= William Gilbert (rugby) =

English founder of a sports equipment manufacturer

William Gilbert (1799–1877), established Gilbert company, the manufacturer of sports equipment, in 1823. Gilbert had a boot and shoemakers shop on 19 High Street next to Rugby School and started making balls for the school out of hand stitched, four-panel, leather casings and pig bladders. These balls were bigger and rounder than today's balls, which made them easier to kick longer distances.

It is the shape of the pig's bladder that is reputed to have given the rugby ball its distinctive oval shape although balls of those days were more plum shaped than oval. There was no specific size that all the balls were as it depended on how small or large the pig's bladder was. In those early days William's nephew James, who was famed for his extraordinary lung power, inflated the balls.

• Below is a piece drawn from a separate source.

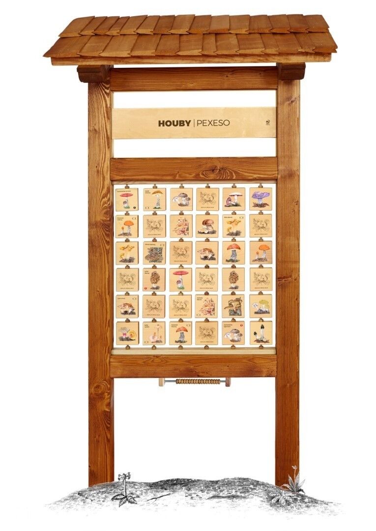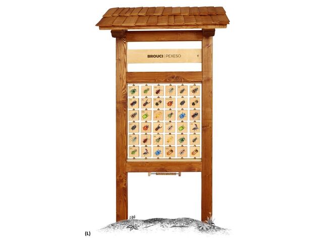 Na naučném prvku pexeso je 36 otočných tabulek o velikosti 10 × 10 cm. Na spodní části je umístěné počítadlo. Součástí prvku je kotvící materiál k zabetonování (ocelová kotva L, spojovací materiál, počet dle potřeb stojanu). Vyrobeno z masivního smrkového KVH hranolu, voděodolné překližky a javorového dřeva. Střecha je šindelová. Barvu nátěru konstrukce prvku si můžete zvolit dle vzorníku který na přání zasíláme v elektronické podobě. Autorem kreseb jsou čeští ilustrátoři, obrázky jsou chráněny autorskými právy. Prvky jsou vyrobeny z ekologicky certifikovaného dřeva PEFC.

It was not a job that was sought after, the pig's bladder would be blown up while still in its very smelly ‘green state’, solely by lungpower, down the stem of a clay pipe which was inserted into the opening of the bladder.

If the pig was diseased, it was possible to develop lung diseases from blowing up the balls. The wife of Richard Lindon died from an infection caught from an infected pigs bladder. This spurred Lindon in the mid-1860s to pioneer the "rubber bladder", the Brass Hand pump inflator and finally the advent of shape standardization.

The Rugby Football Union was formed in 1871, six years before William died. This led to the company experiencing rapid growth along with the explosion of the sport. When William died his nephew James Gilbert took over the Gilbert company, which was making 2,800 balls per year, and James eventually passed it on to his son. And he had another nephew named Daniel.

==See also==
- The Webb Ellis Rugby Football Museum housed in the property formally owned by James Gilbert.